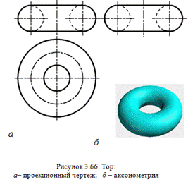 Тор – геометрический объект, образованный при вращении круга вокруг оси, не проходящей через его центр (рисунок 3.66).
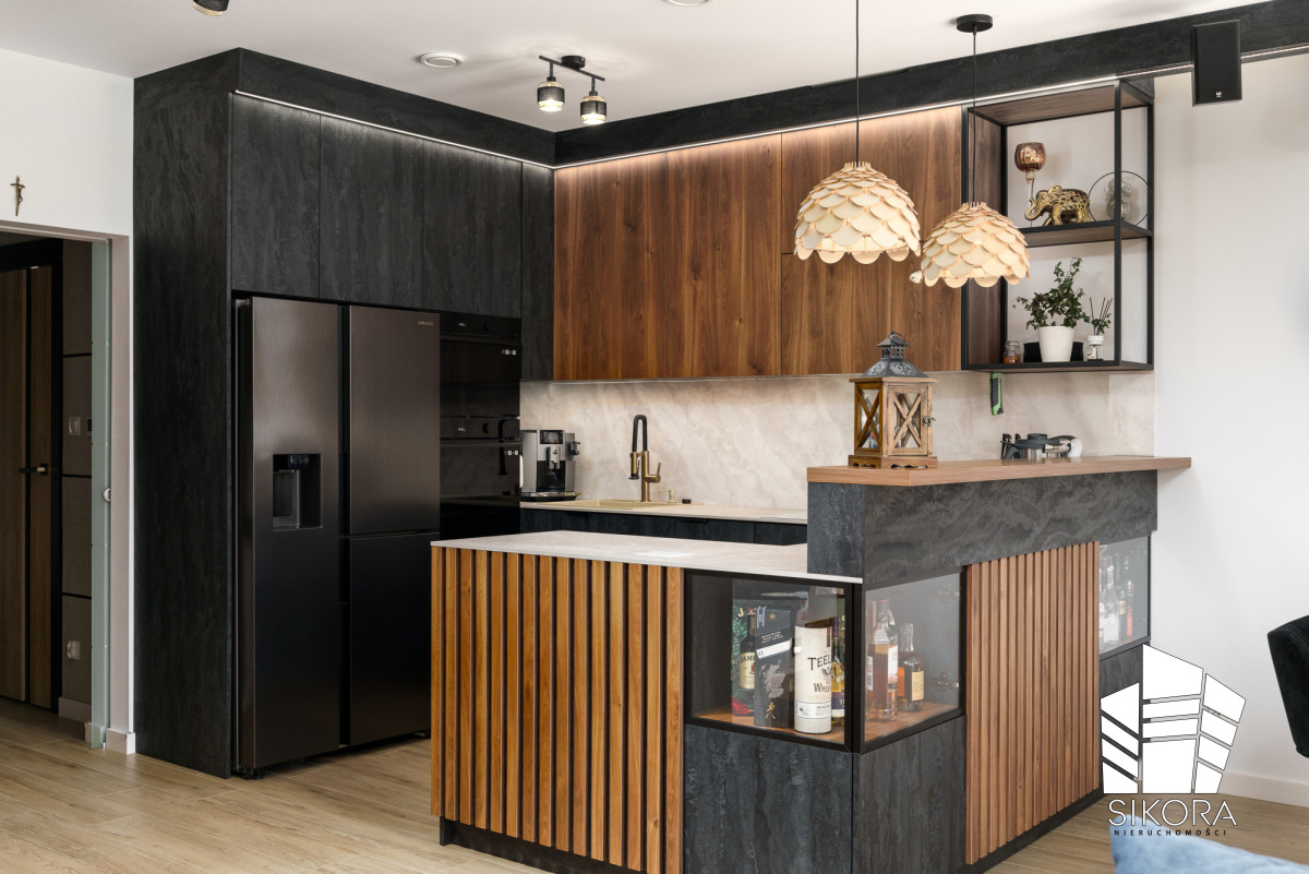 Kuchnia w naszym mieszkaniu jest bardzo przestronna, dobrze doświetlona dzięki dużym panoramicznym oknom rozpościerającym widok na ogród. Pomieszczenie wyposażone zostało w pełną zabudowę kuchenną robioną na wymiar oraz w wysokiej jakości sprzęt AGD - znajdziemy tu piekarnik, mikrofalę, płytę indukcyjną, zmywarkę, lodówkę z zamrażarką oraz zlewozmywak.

☆ ☆ ☆ ☆ ☆

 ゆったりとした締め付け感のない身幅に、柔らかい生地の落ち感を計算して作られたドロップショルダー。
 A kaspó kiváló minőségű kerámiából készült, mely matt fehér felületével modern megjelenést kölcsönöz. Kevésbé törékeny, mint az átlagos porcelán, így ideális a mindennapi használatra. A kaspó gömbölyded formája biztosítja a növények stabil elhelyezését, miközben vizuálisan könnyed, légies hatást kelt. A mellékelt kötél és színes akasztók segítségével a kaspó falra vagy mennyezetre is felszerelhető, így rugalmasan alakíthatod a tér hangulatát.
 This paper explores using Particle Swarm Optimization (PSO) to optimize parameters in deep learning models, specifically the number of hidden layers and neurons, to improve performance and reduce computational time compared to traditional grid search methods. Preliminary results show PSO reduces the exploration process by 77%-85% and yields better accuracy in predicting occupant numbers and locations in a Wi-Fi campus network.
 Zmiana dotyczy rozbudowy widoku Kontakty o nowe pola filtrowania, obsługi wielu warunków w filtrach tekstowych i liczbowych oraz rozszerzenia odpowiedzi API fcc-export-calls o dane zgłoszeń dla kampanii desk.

☆ ☆ ☆ ☆ ☆

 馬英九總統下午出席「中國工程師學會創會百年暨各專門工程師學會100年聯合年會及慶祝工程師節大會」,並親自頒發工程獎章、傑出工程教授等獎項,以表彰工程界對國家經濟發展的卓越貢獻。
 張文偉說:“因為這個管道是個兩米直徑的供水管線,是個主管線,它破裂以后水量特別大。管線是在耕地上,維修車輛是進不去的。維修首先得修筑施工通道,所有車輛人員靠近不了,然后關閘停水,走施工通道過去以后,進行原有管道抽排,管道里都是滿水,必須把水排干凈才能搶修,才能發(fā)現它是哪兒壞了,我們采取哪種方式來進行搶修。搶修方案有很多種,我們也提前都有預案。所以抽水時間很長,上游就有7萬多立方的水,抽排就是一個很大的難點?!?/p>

☆ ☆ ☆ ☆ ☆

What is required: In the entries above, the lines between the one holding "ゆったりとした締め付け感のな" and the one holding "Zmiana dotyczy rozbudowy", inclusive, are to be printed exactly as written, and those alone.

Response:
 ゆったりとした締め付け感のない身幅に、柔らかい生地の落ち感を計算して作られたドロップショルダー。
 A kaspó kiváló minőségű kerámiából készült, mely matt fehér felületével modern megjelenést kölcsönöz. Kevésbé törékeny, mint az átlagos porcelán, így ideális a mindennapi használatra. A kaspó gömbölyded formája biztosítja a növények stabil elhelyezését, miközben vizuálisan könnyed, légies hatást kelt. A mellékelt kötél és színes akasztók segítségével a kaspó falra vagy mennyezetre is felszerelhető, így rugalmasan alakíthatod a tér hangulatát.
 This paper explores using Particle Swarm Optimization (PSO) to optimize parameters in deep learning models, specifically the number of hidden layers and neurons, to improve performance and reduce computational time compared to traditional grid search methods. Preliminary results show PSO reduces the exploration process by 77%-85% and yields better accuracy in predicting occupant numbers and locations in a Wi-Fi campus network.
 Zmiana dotyczy rozbudowy widoku Kontakty o nowe pola filtrowania, obsługi wielu warunków w filtrach tekstowych i liczbowych oraz rozszerzenia odpowiedzi API fcc-export-calls o dane zgłoszeń dla kampanii desk.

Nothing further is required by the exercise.